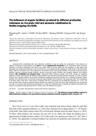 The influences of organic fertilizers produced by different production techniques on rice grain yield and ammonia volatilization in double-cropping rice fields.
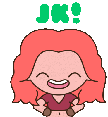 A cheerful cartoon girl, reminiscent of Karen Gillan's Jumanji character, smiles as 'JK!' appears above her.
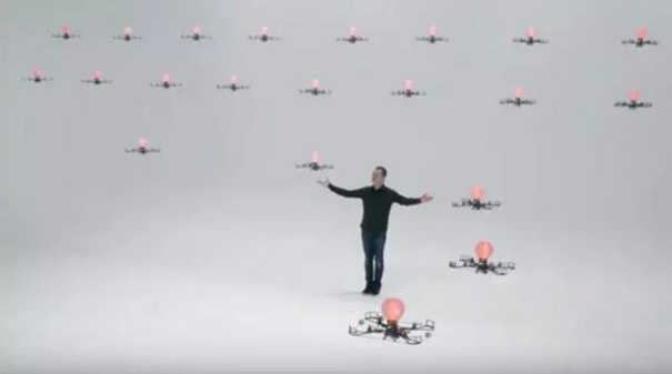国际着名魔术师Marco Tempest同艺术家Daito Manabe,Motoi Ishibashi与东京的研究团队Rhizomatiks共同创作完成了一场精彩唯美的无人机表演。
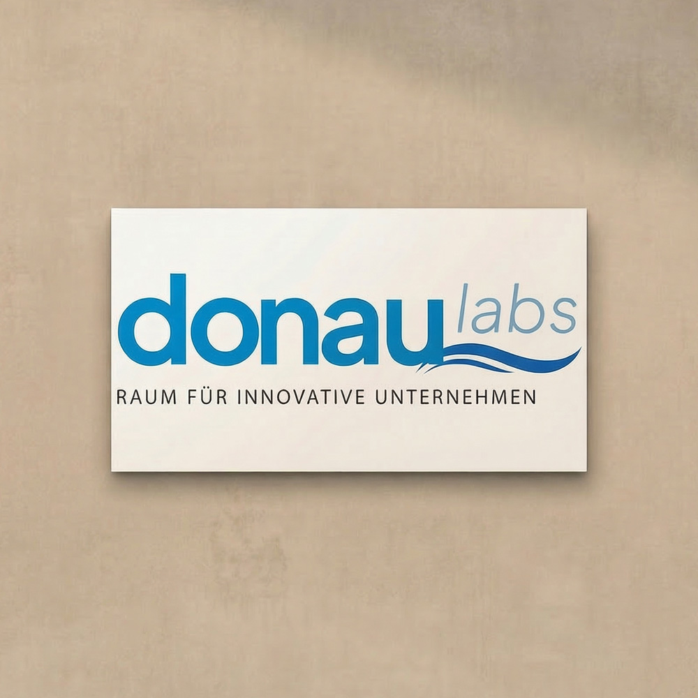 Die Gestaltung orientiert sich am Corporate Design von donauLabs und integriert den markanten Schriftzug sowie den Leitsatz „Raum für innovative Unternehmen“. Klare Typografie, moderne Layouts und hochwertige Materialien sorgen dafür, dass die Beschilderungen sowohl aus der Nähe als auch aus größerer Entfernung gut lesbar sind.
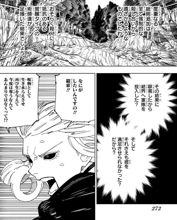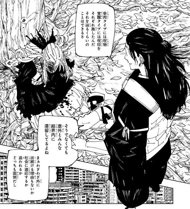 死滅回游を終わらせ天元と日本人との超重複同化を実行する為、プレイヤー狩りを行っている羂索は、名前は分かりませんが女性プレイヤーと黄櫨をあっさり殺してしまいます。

----------

Leave the pictures out and repeat exactly the lines from the beginning of the records to the line bearing "Die Gestaltung orientiert", both ends counted.

 The influences of organic fertilizers produced by different production techniques on rice grain yield and ammonia volatilization in double-cropping rice fields.
 A cheerful cartoon girl, reminiscent of Karen Gillan's Jumanji character, smiles as 'JK!' appears above her.
国际着名魔术师Marco Tempest同艺术家Daito Manabe,Motoi Ishibashi与东京的研究团队Rhizomatiks共同创作完成了一场精彩唯美的无人机表演。
 Die Gestaltung orientiert sich am Corporate Design von donauLabs und integriert den markanten Schriftzug sowie den Leitsatz „Raum für innovative Unternehmen“. Klare Typografie, moderne Layouts und hochwertige Materialien sorgen dafür, dass die Beschilderungen sowohl aus der Nähe als auch aus größerer Entfernung gut lesbar sind.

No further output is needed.